The second pillar includes the modeling and numerical support for model design and analysis. Tellurium comes with packages such as Antimony [27] and phraSED-ML [12] which translate model and simulation setup in SBML and SED-ML format to human-readable counterparts. The numerical support includes libRoadRunner which provides a variety of analyses including ordinary differential equation simulation, Gillespie-based stochastic simulation, metabolic control analysis, and structural analysis of networks via libStructural [3].

Another important function included in Tellurium is bifurcation analysis, crucial for understanding models with multiple steady states. This type of analysis can be difficult for a novice to perform, so a wrapper to AUTO2000 is provided which interfaces itself to libRoadRunner. By implementing it as a plugin for libRoadRunner, AUTO2000 can directly access the simulation engine and perform computations without the overhead of a cross-language API. This also means that the bifurcation tool can be used outside of Python and hosted by other tools. Note that unlike other AUTO2000 implementations, our implementation does not require an external compiler because this task is handled by libRoadRunner.

Finally, to demonstrate the flexibility in a Python ecosystem, we also bundle COBRApy, which is one of the primary constraint-based modeling packages. In addition, common Python packages that are essential in scientific computing are bundled with Tellurium. These include, but are not limited to, SciPy and NumPy (for a large variety of numerical methods), SymPy (for symbolic manipulation), and plotting libraries such as matplotlib and seaborn. Supplementary Table S1 lists short descriptions of the packages discussed in this manuscript.
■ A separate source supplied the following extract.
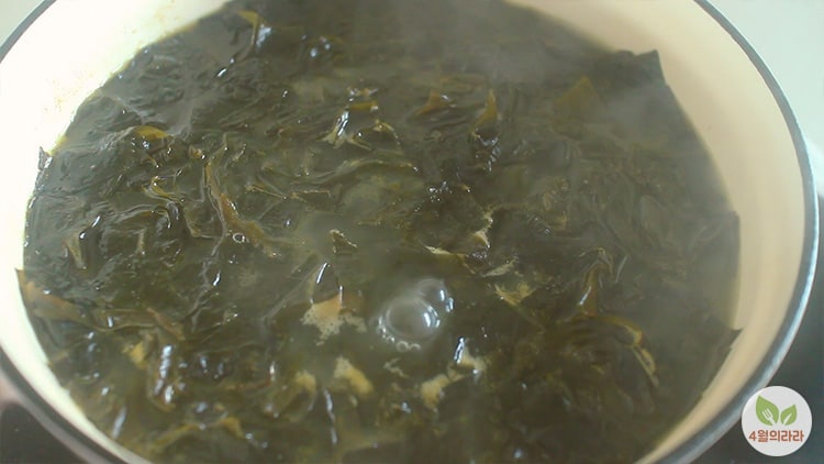2. 냄비에 미역, 국간장, 참기름으로 볶다가 육수를 조금씩 부어가며 끓인다.

Tellurium is distributed with two interfaces: The first is Tellurium Spyder, which is based on Spyder IDE and provides a MATLAB-like environment for researchers who are already familiar with editor/console type programming. Spyder IDE is a Python-based development environment that comes with powerful tools like profiler and static code analysis. Spyder IDE is ideal for modelers and developers who prefer generating and debugging raw Python scripts. For those who prefer notebook-like interfaces, we provide a Jupyter notebook-based version called Tellurium Notebook. Jupyter notebook differs from Spyder IDE as it creates documents containing live code, plots, narrative texts, and equations. Moreover, Jupyter notebooks are interactive, making it ideal for sharing and displaying the work with others. It is also possible to install Tellurium and its dependencies in an existing Python environment through pip. Examples of alternative hosts that have employed Tellurium include PyCharm and Sublime Text.

Applications

In this section, we illustrate several use cases of Tellurium. In particular, we demonstrate various tools included in Tellurium as well as its ability to integrate with other Python packages. We present examples of model building, simulation, and subsequent analysis tasks such as metabolic control analysis, bifurcation analysis, and parameter estimation. All scripts used in this section are available in the Supplementary Materials.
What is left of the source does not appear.